[EXERCISE REQUIREMENTS] The material below is to be copied exactly from the line with "6、点击开始下载之后进去可以" up to and including the line with "Produsul contine ingrediente", with nothing else kept and no pictures.

[SOURCE MATERIAL]
***

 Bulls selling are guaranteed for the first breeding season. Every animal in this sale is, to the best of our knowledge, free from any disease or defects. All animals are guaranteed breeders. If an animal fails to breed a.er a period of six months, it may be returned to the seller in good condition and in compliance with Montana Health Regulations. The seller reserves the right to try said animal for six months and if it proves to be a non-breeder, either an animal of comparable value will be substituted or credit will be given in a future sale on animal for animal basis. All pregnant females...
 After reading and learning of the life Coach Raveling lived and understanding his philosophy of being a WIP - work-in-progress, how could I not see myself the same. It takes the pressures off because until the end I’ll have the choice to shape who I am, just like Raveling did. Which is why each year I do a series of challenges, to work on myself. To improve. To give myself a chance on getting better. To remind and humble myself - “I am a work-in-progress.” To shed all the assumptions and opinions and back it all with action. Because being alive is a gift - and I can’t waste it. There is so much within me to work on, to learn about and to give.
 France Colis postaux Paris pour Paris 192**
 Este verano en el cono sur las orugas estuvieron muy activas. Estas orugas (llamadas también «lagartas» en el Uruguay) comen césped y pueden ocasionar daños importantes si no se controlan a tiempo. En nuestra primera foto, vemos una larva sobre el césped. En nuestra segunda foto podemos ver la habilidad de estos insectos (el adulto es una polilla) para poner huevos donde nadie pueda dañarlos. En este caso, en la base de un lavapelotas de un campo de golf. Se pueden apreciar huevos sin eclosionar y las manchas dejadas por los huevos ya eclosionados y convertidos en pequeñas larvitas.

***

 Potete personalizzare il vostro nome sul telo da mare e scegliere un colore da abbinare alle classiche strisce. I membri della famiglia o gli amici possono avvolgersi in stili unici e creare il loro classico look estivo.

***

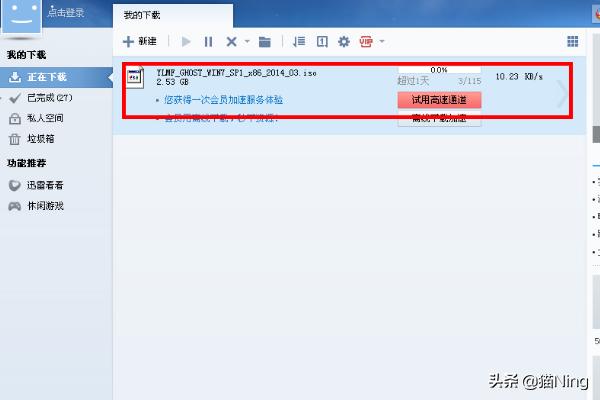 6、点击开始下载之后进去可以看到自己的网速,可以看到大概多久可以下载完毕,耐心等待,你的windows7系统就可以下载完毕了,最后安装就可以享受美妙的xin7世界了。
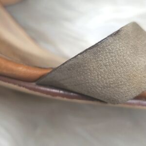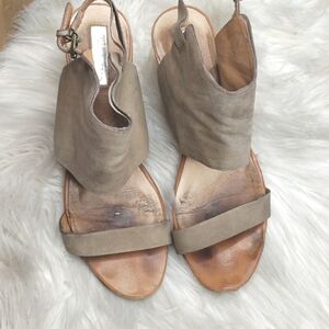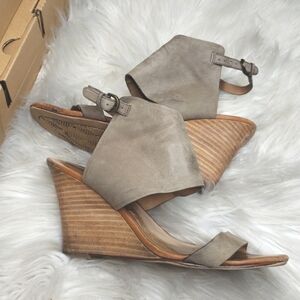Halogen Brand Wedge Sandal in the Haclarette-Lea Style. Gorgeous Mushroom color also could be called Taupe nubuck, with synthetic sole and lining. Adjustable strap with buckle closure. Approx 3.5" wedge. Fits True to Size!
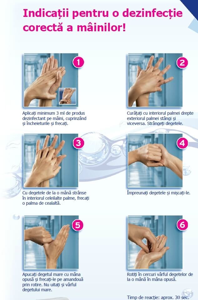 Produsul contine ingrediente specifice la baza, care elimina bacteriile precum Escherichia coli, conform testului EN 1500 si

***

[EXERCISE RESULT]
 6、点击开始下载之后进去可以看到自己的网速,可以看到大概多久可以下载完毕,耐心等待,你的windows7系统就可以下载完毕了,最后安装就可以享受美妙的xin7世界了。
Halogen Brand Wedge Sandal in the Haclarette-Lea Style. Gorgeous Mushroom color also could be called Taupe nubuck, with synthetic sole and lining. Adjustable strap with buckle closure. Approx 3.5" wedge. Fits True to Size!
 Produsul contine ingrediente specifice la baza, care elimina bacteriile precum Escherichia coli, conform testului EN 1500 si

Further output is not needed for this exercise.